Without reproducing any picture, copy the records word for word.

- [GIVEN DATA]:
* * *
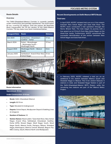 www.metrorailnews.in METRO RAIL NEWS -MAY - 2025 47Route Details Overview The Delhi-Ghaziabad-Meerut Corridor is currently partially under construction and partially operational. The route spans 82 km, covering 22 stations. Over the period, Mr Narendra Modi inaugurated the 55 km section of the Delhi-Meerut Corridor. The key dates have been mentioned beloRoute Information Operational: 55 km Under Construction: 27.15 km%u2022Route: Delhi-Ghaziabad-Meerut %u2022Length: 82.15 km%u2022Type: Elevated & Underground%u2022Depots: Duhai Depot, Modipuram Depot & Stabling Lines at Jangpura%u2022Number of Stations: 22%u2022Station Names: Nizamuddin / Sarai Kale Khan, New Ashok Nagar, Anand Vihar, Sahibabad, Ghaziabad, Guldhar, Duhai (EPE), Murad Nagar, Modi Nagar South, Modi Nagar North, Meerut South, Partapur, Rithani, Shatabdi Nagar, Brahmapuri, Meerut Central, Bhaisali, Begum Pul, MES Colony, Daurli, Meerut North and ModipuramRecent Developments on Delhi Meerut RRTS Route Trial runs %u2022In April 2025, NCRTC initiated trial runs on a 5 km stretch between New Ashok Nagar and Sarai Kale Khan. The NCRTC team conducted a trial operation through the Namo Bharat Train. The train began its journey with a low-speed run at 10 km/h from New Ashok Nagar on the down-line tracks. Furthermore, NCRTC announced the successful electrification of the section between New Ashok Nagar and Sarai Kale Khan.%u2022In February 2025, NCRTC initiated a trial run on an additional 6 km stretch between Meerut South and Shatabdi Nagar in Meerut. This 6 km stretch features 3 stations in total, and Shatabdi Nagar Station is part of the Delhi-Ghaziabad-Meerut RRTS Project, while the remaining two stations are part of the Meerut Metro Project.Inaugural DateRouteDistanceOct 2023Sahibabad %u2013 Ghaziabad %u2013 Guldhar %u2013 Duhai17 kmMarch 2024Duhai %u2013 Muradnagar %u2013 Modinagar South %u2013 Modinagar North17.1 kmAugust 2024Modinagar North %u2013 Meerut South8 kmJanuary 2025 Sahibabad- Anand Vihar-New Ashok Nagar 13 km FOCUSED METRO SYSTEM
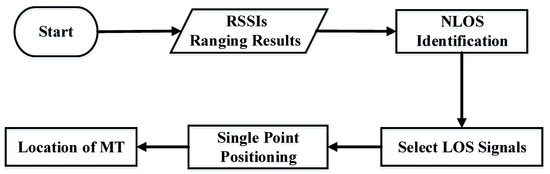 Flow chart of the proposed positioning method. RSSIs, received signal strength indicators; NLOS, non-line-of-sight; LOS, line-of-sight; MT, mobile terminal.
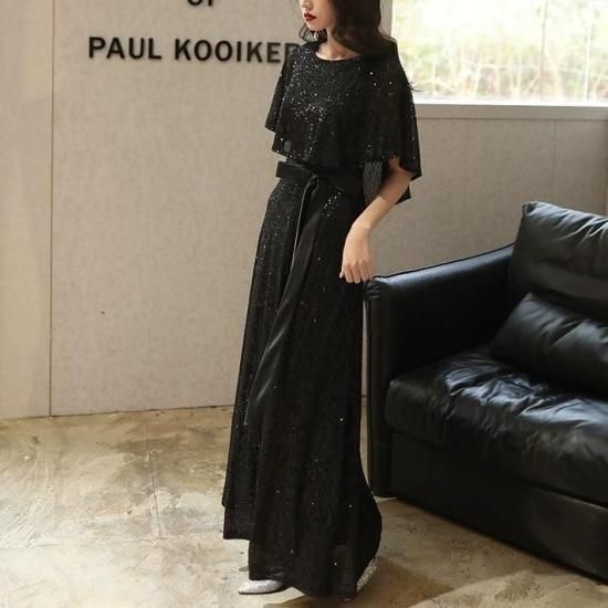 パーティードレス ロング ウエストリボン ラメ ワンピース エレガント 結婚式 お呼ばれ 卒業式 入学式 謝恩会 二次会 ディナー 演奏会 レセプション ホテル イベント dr01203
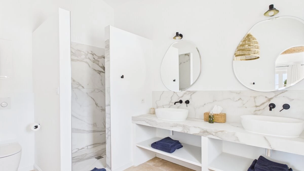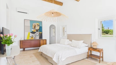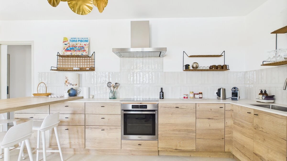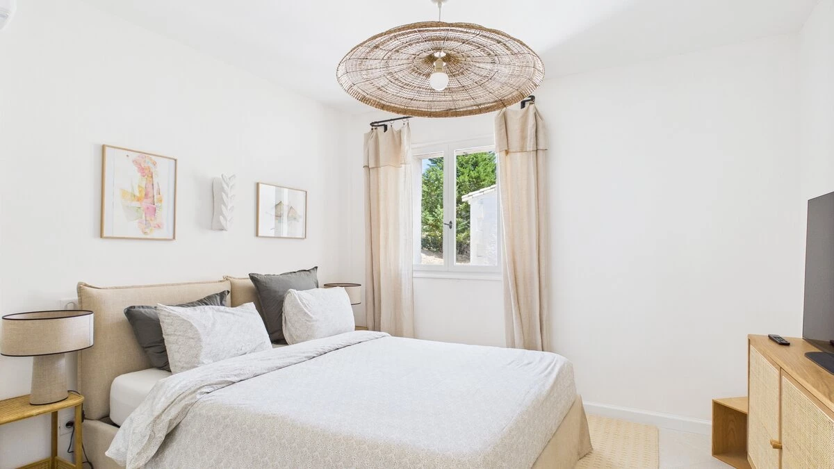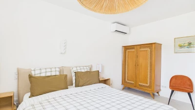 Designed for relaxed living, the villa flows effortlessly from indoors to out. The open-plan kitchen is fully equipped for easy self-catering, whether you’re preparing simple breakfasts or lunches with fresh local produce, and leads into a welcoming dining area and light-filled living space, both opening directly onto the garden. All accommodation is on one level, making the layout particularly appealing for families or couples seeking comfort and ease.
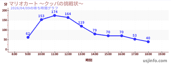 • マリオカート ~クッパの挑戦状~$B$N(B2026年04月09日の待ち時間
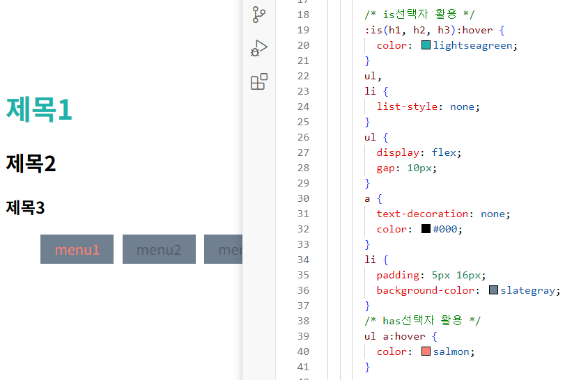 :is(선택자1, 선택자2, 선택자3...){ }
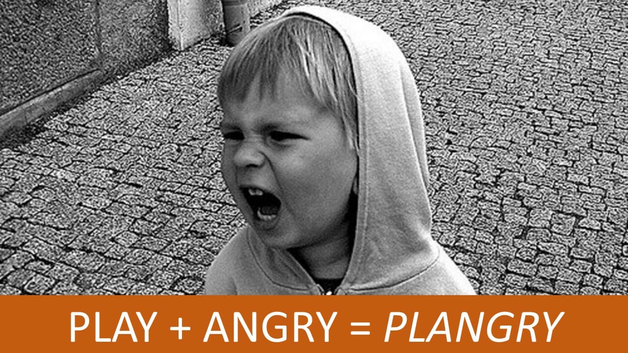 Playing at being plangry is also a way to get attention. Picture a seven-year-old pretending to be upset at a younger sibling’s birthday party to grab some attention from Aunt Agnes.
* * *
- [FINISHED TASK]:
 www.metrorailnews.in METRO RAIL NEWS -MAY - 2025 47Route Details Overview The Delhi-Ghaziabad-Meerut Corridor is currently partially under construction and partially operational. The route spans 82 km, covering 22 stations. Over the period, Mr Narendra Modi inaugurated the 55 km section of the Delhi-Meerut Corridor. The key dates have been mentioned beloRoute Information Operational: 55 km Under Construction: 27.15 km%u2022Route: Delhi-Ghaziabad-Meerut %u2022Length: 82.15 km%u2022Type: Elevated & Underground%u2022Depots: Duhai Depot, Modipuram Depot & Stabling Lines at Jangpura%u2022Number of Stations: 22%u2022Station Names: Nizamuddin / Sarai Kale Khan, New Ashok Nagar, Anand Vihar, Sahibabad, Ghaziabad, Guldhar, Duhai (EPE), Murad Nagar, Modi Nagar South, Modi Nagar North, Meerut South, Partapur, Rithani, Shatabdi Nagar, Brahmapuri, Meerut Central, Bhaisali, Begum Pul, MES Colony, Daurli, Meerut North and ModipuramRecent Developments on Delhi Meerut RRTS Route Trial runs %u2022In April 2025, NCRTC initiated trial runs on a 5 km stretch between New Ashok Nagar and Sarai Kale Khan. The NCRTC team conducted a trial operation through the Namo Bharat Train. The train began its journey with a low-speed run at 10 km/h from New Ashok Nagar on the down-line tracks. Furthermore, NCRTC announced the successful electrification of the section between New Ashok Nagar and Sarai Kale Khan.%u2022In February 2025, NCRTC initiated a trial run on an additional 6 km stretch between Meerut South and Shatabdi Nagar in Meerut. This 6 km stretch features 3 stations in total, and Shatabdi Nagar Station is part of the Delhi-Ghaziabad-Meerut RRTS Project, while the remaining two stations are part of the Meerut Metro Project.Inaugural DateRouteDistanceOct 2023Sahibabad %u2013 Ghaziabad %u2013 Guldhar %u2013 Duhai17 kmMarch 2024Duhai %u2013 Muradnagar %u2013 Modinagar South %u2013 Modinagar North17.1 kmAugust 2024Modinagar North %u2013 Meerut South8 kmJanuary 2025 Sahibabad- Anand Vihar-New Ashok Nagar 13 km FOCUSED METRO SYSTEM
 Flow chart of the proposed positioning method. RSSIs, received signal strength indicators; NLOS, non-line-of-sight; LOS, line-of-sight; MT, mobile terminal.
 パーティードレス ロング ウエストリボン ラメ ワンピース エレガント 結婚式 お呼ばれ 卒業式 入学式 謝恩会 二次会 ディナー 演奏会 レセプション ホテル イベント dr01203
 Designed for relaxed living, the villa flows effortlessly from indoors to out. The open-plan kitchen is fully equipped for easy self-catering, whether you’re preparing simple breakfasts or lunches with fresh local produce, and leads into a welcoming dining area and light-filled living space, both opening directly onto the garden. All accommodation is on one level, making the layout particularly appealing for families or couples seeking comfort and ease.
 • マリオカート ~クッパの挑戦状~$B$N(B2026年04月09日の待ち時間
 :is(선택자1, 선택자2, 선택자3...){ }
 Playing at being plangry is also a way to get attention. Picture a seven-year-old pretending to be upset at a younger sibling’s birthday party to grab some attention from Aunt Agnes.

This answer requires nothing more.